|Sharon Kujawa and Charles Liberman|
Hidden Hearing Loss – the Problem and the Promise
Sharon G. Kujawa and M. Charles Liberman
Most adult hearing impairment is sensorineural in nature and arises from inner ear dysfunction. Dogma has long held that hair cells are the most vulnerable cochlear elements and that cochlear neural loss typically occurs only after, and because of, hair cell degeneration. Work from our lab, and others, over the last 10 years has shownthat this is not true for key etiologies of acquired sensorineural hearing loss, including noise, aging, and ototoxic drugs (Kujawa and Liberman 2015). These insults can cause massive (>50%) loss of cochlear nerve peripheral synapses without any hair cell loss (see Figure).
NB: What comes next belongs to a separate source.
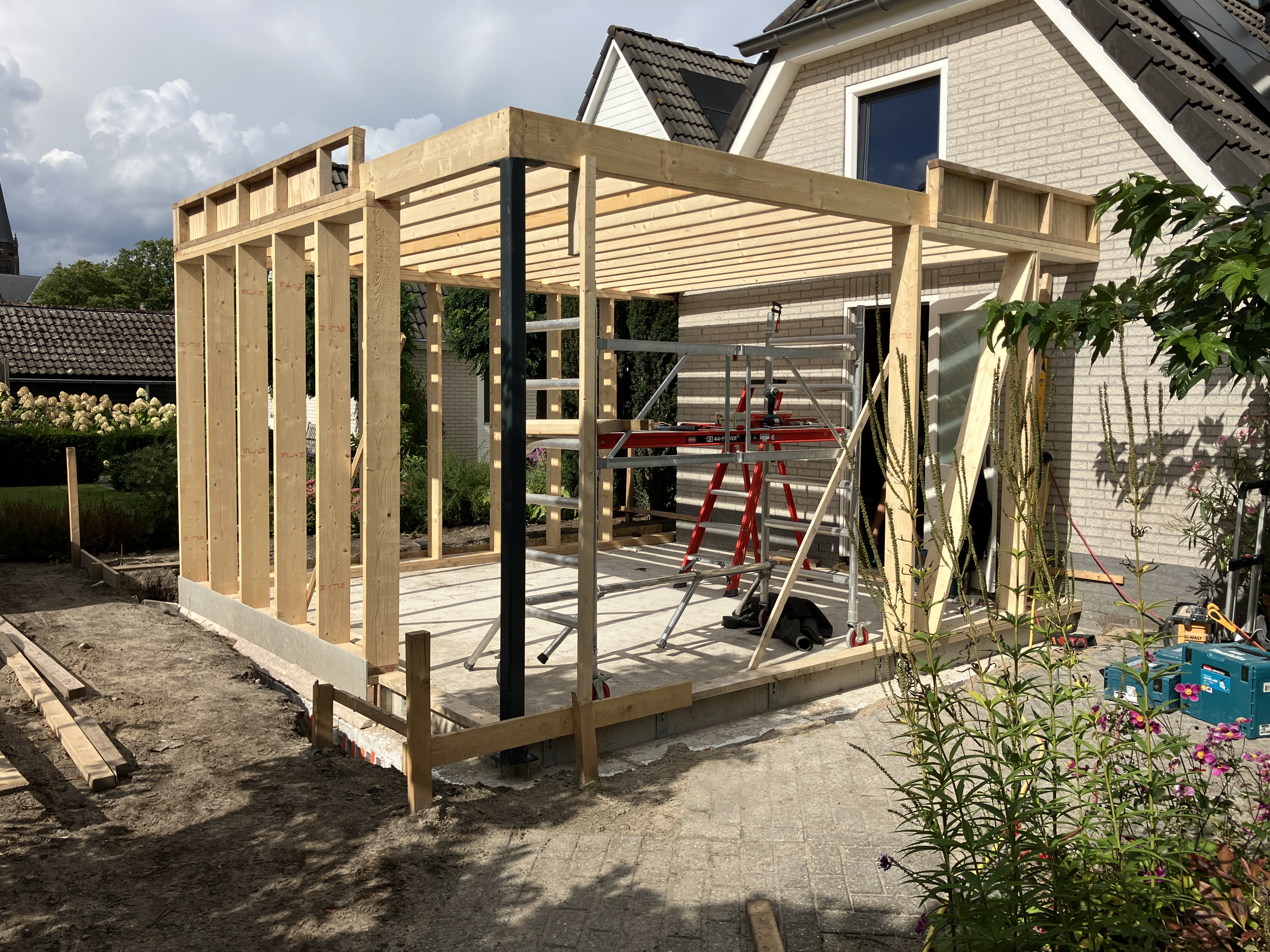 De aanbouw is opgetrokken in houtskeletbouw en aan de buitenzijde afgewerkt met Cape Cod, wat zorgt voor een moderne en eigentijdse uitstraling. In de slaapkamer is een grote pui geplaatst die zorgt voor een prettige verbinding tussen binnen en buiten. Deze pui is voorzien van ingebouwde screens. Zowel de badkamer als de slaapkamer zijn volledig afgewerkt en voorzien van moderne en duurzame installaties.

This extensive cochlear synaptopathy has remained a “hidden hearing loss”, because 1) diffuse neural degeneration does not significantly elevate cochlear pure-tone thresholds, or the behavioral audiogram, until it reaches 80%, 2) the synaptic connections between cochlear neurons and hair cells are hard to see in routine histological material, and 3) the cell bodies and central axons of cochlear neurons, survive for years to decades despite their loss of functional connection to the hair cells.
Although synaptopathy does not affect the audiogram, which is a highly sensitive measure of outer hair cell function, it likely compromises the ability to understand complex stimuli, especially in difficult listening environments (Bharadwaj, Verhulst et al. 2014). This arises, in part, because the most vulnerable cochlear neurons appear to be those with high thresholds and low spontaneous rates (SRs; (Liberman 1978) (Furman, Kujawa et al. 2013)), and low-SR fibers are especially important to the coding of suprathreshold sounds in the presence of background noise. Cochlear synaptopathy may also be a key initiator of tinnitus or hyperacusis, which is not uncommon in people with normal audiometric thresholds (Schaette and McAlpine 2011, Gu, Herrmann et al. 2012).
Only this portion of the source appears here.